Profiles: “Dear Placing Mother” Letters

Posted by : Faith Allen in Hoping to Adopt Blog at 03:19 pm , 398 words, 184 views  
Categories: Profiles
Stained Glass (c) Lynda Bernhardt

Your profile should include a letter written to the placing mother. Different agencies call these letters different things. When we adopted my son, we were told to address the letter to “Dear Birthmother.” This terminology is not accurate because a pregnant woman is not a birthmother – she has not placed her baby into an adoptive home and terminated her legal rights.



See the following posts for more on this important distinction:





When we went through the adoption process a second time through a different agency, we were told to address the letter to “Dear Expectant Mother.” That address did not seem quite right, either. From what I understand, “Dear Placing Mother” is the most accurate and respectful terminology to use for these letters. (I welcome any input from any placing mothers or birthmothers who are reading this post.)



SPONSOR
A “Dear Placing Mother” letter can be hard to write because it is hard to put into words all that you want a placing mother to know about you as a hopeful adoptive couple. Your tone is as important as your words because your tone communicates how you feel about placing mothers.
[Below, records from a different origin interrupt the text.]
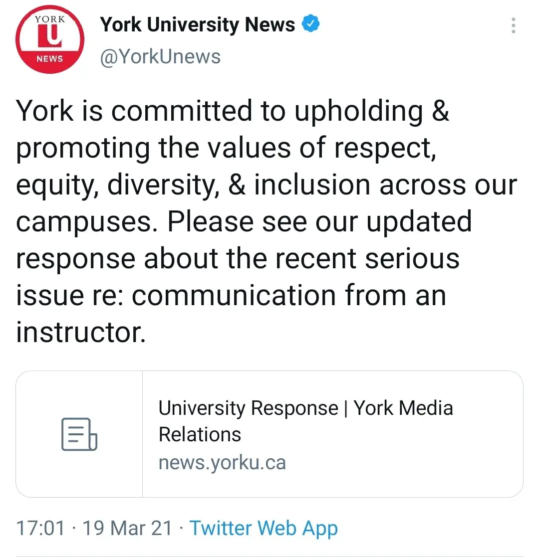 จนมหาวิทยาลัยต้องเอาเบอร์ติดต่อออกจนกระแสมันแรงทนไม่ไหว ทางมหาวิทยาลัยยอร์คเลยได้เริ่มทำการสอบสวน และล่าสุดไล่ออกแล้วค่ะ พร้อมทั้งออกประกาศว่าทางมหาวิทยาลัยใส่ใจทั้งเรื่องความหลากหลาย ความเคารพ ความเท่าเทียมกัน ในทุกๆแคมปัสของเรา และตอนนี้อาจารย์ที่เจ้าปัญหาก็ได้ให้ลาไม่มีกำหนดแล้ว และให้คนอื่นมาแทน หลังจากนั้นจึงยกเลิกสัญญาจ้างไม่พอในเว็ป Rate my professor พบว่าพฤติกรรมร้ายเยอะมาก
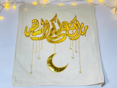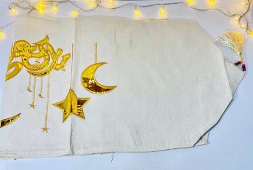 - تصميم إسلامي مطرز: مزين بتطريز ذهبي أنيق بنقوش إسلامية تقليدية تضفي لمسة روحانية وجمالية على ديكور المائدة والمنزل
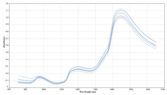 Another useful indicator in the development of calibration models is the RPD, which has been used for several years in NIR studies of agricultural products [,]. It enables the evaluation of the SEP in terms of the standard deviation of the reference data. The RPD values considered appropriate for each NIRS analysis may change depending on the nature of the material. Within agricultural applications, values higher than 3 may be difficult to obtain, and often models with RPD > 3.5 are considered very good [,]. Therefore, the RPD values of 4.131 in the calibration and 3.677 in the prediction found in this study corroborate the goodness of fit of the NIR predictions developed here.
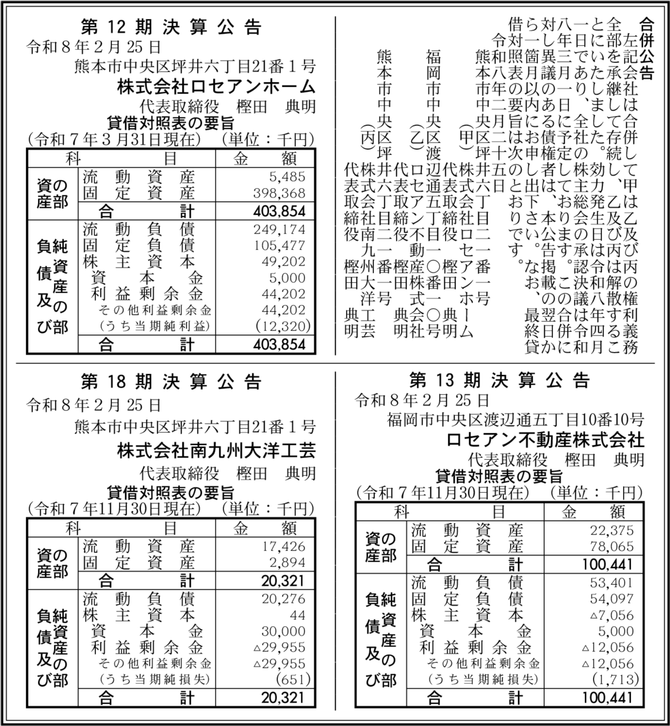 ロセアン不動産株式会社 福岡市中央区 【2025年11月期】 |
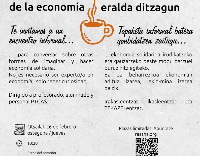 En el marco de la VII Semana Universitaria de la Economía Social, organizada por la Cátedra Economía Social y Cooperativismo de la UPNA, REAS Navarra impulsa un espacio de encuentro y reflexión titulado “Café por una idea: Cambiemos las reglas de la economía”.
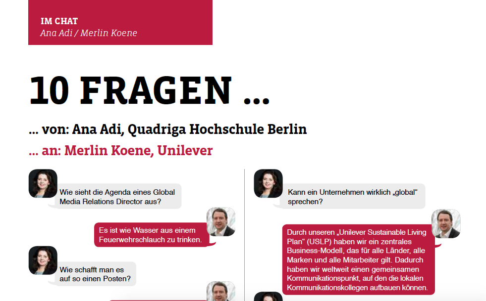 At the beginning of April, PR Magazin, a magazine dedicated to communicators in Germany and beyond, published my answers to Andrea Fratini‘s questions, Director of Corporate Communications at the Bauer Media Group in its “Im Chat” section. As the section is dedicated to communicators asking other communicators about various issues relevant to their job and practice, the rule is that the interviewee becomes interviewer for the next section.

I cannot believe the stark contrast between my first and second attempts at writing a “Dear Placing Mother” letter. The first time, I was very insecure, and my reservations were reflected in the words and tone of my letter. My letter focused more on “selling” myself as somebody who would be a good parent. My revised letter reflected more of my warmth, and it focused more on who I was as a person and invited the placing mother to get to know me better.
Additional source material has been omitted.